What is being asked: Below, find the line containing "6 bicchieri da" and the line containing "在鹽的滑脫作用下,鹽上層變形"; reproduce exactly those two and every line between them, omitting pictures.

Data for review:
BEGIN
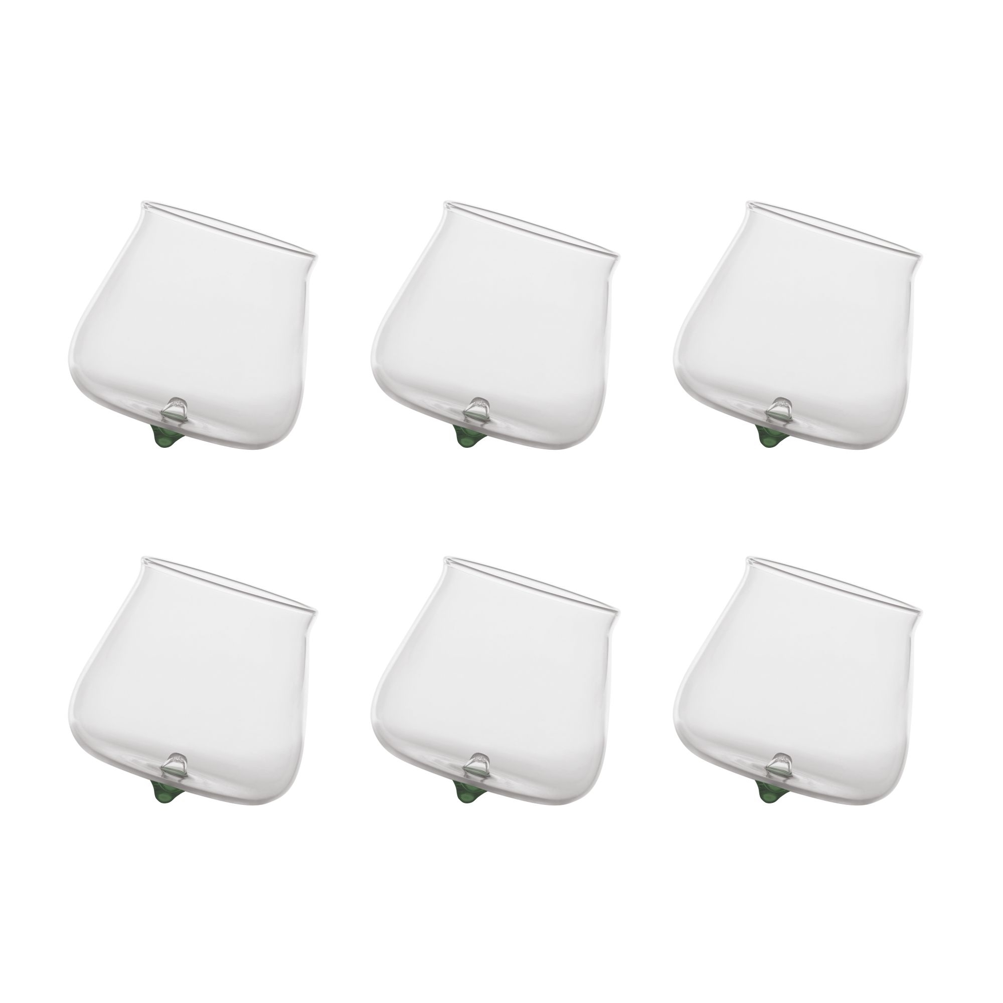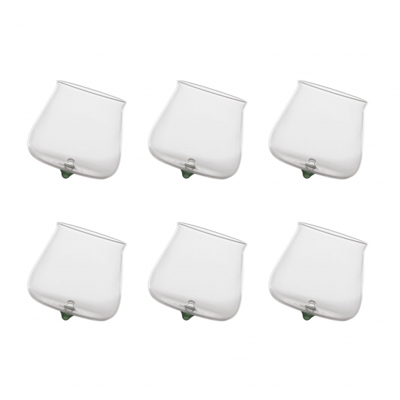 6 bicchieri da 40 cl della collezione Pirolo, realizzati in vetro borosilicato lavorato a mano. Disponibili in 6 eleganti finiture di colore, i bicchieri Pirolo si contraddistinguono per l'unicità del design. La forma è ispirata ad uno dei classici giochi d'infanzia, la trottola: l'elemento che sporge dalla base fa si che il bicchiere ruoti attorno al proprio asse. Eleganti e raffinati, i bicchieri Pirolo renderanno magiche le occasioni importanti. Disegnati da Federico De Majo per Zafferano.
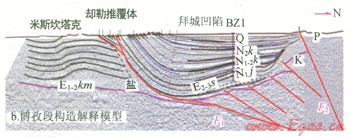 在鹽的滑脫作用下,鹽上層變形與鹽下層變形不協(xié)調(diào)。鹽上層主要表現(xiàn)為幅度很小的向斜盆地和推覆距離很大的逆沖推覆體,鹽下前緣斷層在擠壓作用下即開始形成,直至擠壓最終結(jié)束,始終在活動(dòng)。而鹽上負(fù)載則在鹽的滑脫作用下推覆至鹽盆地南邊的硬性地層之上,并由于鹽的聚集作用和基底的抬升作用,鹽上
END
BEGIN
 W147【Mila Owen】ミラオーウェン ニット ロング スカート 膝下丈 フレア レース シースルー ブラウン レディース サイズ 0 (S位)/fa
END
Exercise result:
 6 bicchieri da 40 cl della collezione Pirolo, realizzati in vetro borosilicato lavorato a mano. Disponibili in 6 eleganti finiture di colore, i bicchieri Pirolo si contraddistinguono per l'unicità del design. La forma è ispirata ad uno dei classici giochi d'infanzia, la trottola: l'elemento che sporge dalla base fa si che il bicchiere ruoti attorno al proprio asse. Eleganti e raffinati, i bicchieri Pirolo renderanno magiche le occasioni importanti. Disegnati da Federico De Majo per Zafferano.
 在鹽的滑脫作用下,鹽上層變形與鹽下層變形不協(xié)調(diào)。鹽上層主要表現(xiàn)為幅度很小的向斜盆地和推覆距離很大的逆沖推覆體,鹽下前緣斷層在擠壓作用下即開始形成,直至擠壓最終結(jié)束,始終在活動(dòng)。而鹽上負(fù)載則在鹽的滑脫作用下推覆至鹽盆地南邊的硬性地層之上,并由于鹽的聚集作用和基底的抬升作用,鹽上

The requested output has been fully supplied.